Книга Искусство на повестке дня. Рождение русской культуры из духа газетных споров - Катя Дианина
Шрифт:
Интервал:
Закладка:
Прославляемое одними и критикуемое многими другими, это изменение во вкусе стало достоянием открытого диспута в начале 1860-х годов[429]. Художник и скульптор Рамазанов, писавший под псевдонимом «Художник», был искренне возмущен вульгарным популизмом новейшего искусства:
Гораздо страшнее за искусство, когда нравственная тина и подонки будничной жизни, во всей их отвратительности, лелеются новейшим поколением художников и служат предметом их любви и восторгов, – и так как подобные содержания картин для большинства публики несравненно знакомее, доступнее и занимательнее Илиады, Одиссеи и истории, то и понятно, что такой живой действительности тысячи рукоплещут; а молодые художники, ободряемые этим легким успехом, отыскивают в запуски сюжеты один другого пикантнее, один другого грязнее[430].

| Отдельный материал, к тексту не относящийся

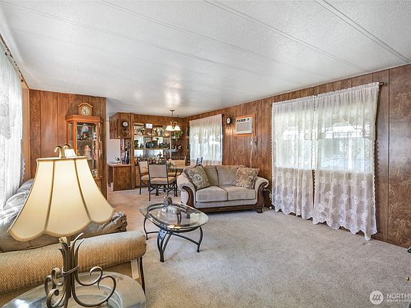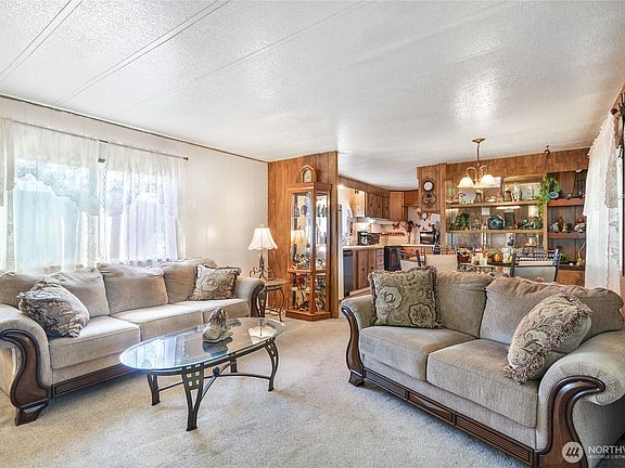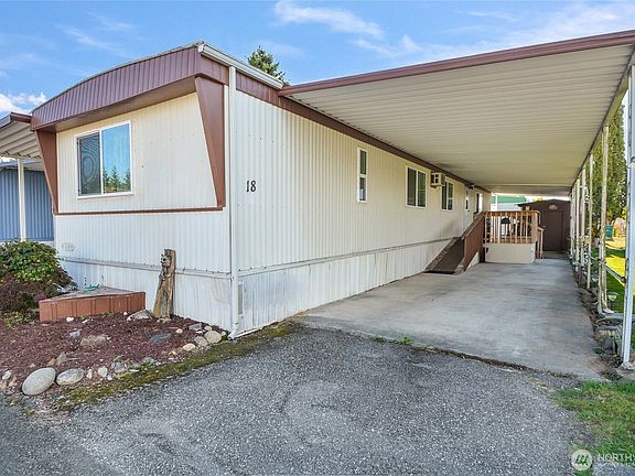 55+ community needs a new neighbor! Darling 924sq feet Singlewide available! This lovely home has 2 Bedrooms/2 Full baths; primary bath has soaking tub. New interior paint, carpets, and includes all appliances (washer/ dryer also!). Newer windows and furnace. Wall A/C for summer months is installed. Personal shed on lot, with 2 covered carports, one on each side. Clubhouse has monthly activities if interested, seasonal pool. Pets ok when preapproved by manager. RV optional parking for super low monthly fee. Space rent for home is one of the lowest in Snohomish County and includes water/sewer! Fantastic local shopping and clinics close by. Buyer must be preapproved to purchase with simple park application.

По своей сути это был конфликт между высоким стилем и массовым вкусом. Элегантный вкус, кажется, нуждался в защите от искусства повседневности. В более ранней статье тот же автор торжественно защищал изящные искусства от того, что он называл «пошлостью» толкучих рынков, сцен на улице, в задних комнатах трактиров[431]. Его критика звучала не на пустом месте – в действительности, в обоих случаях он отвечал анонимному оппоненту, который также писал для «Современной летописи», но выступал решительно в поддержку новой русской жанровой живописи.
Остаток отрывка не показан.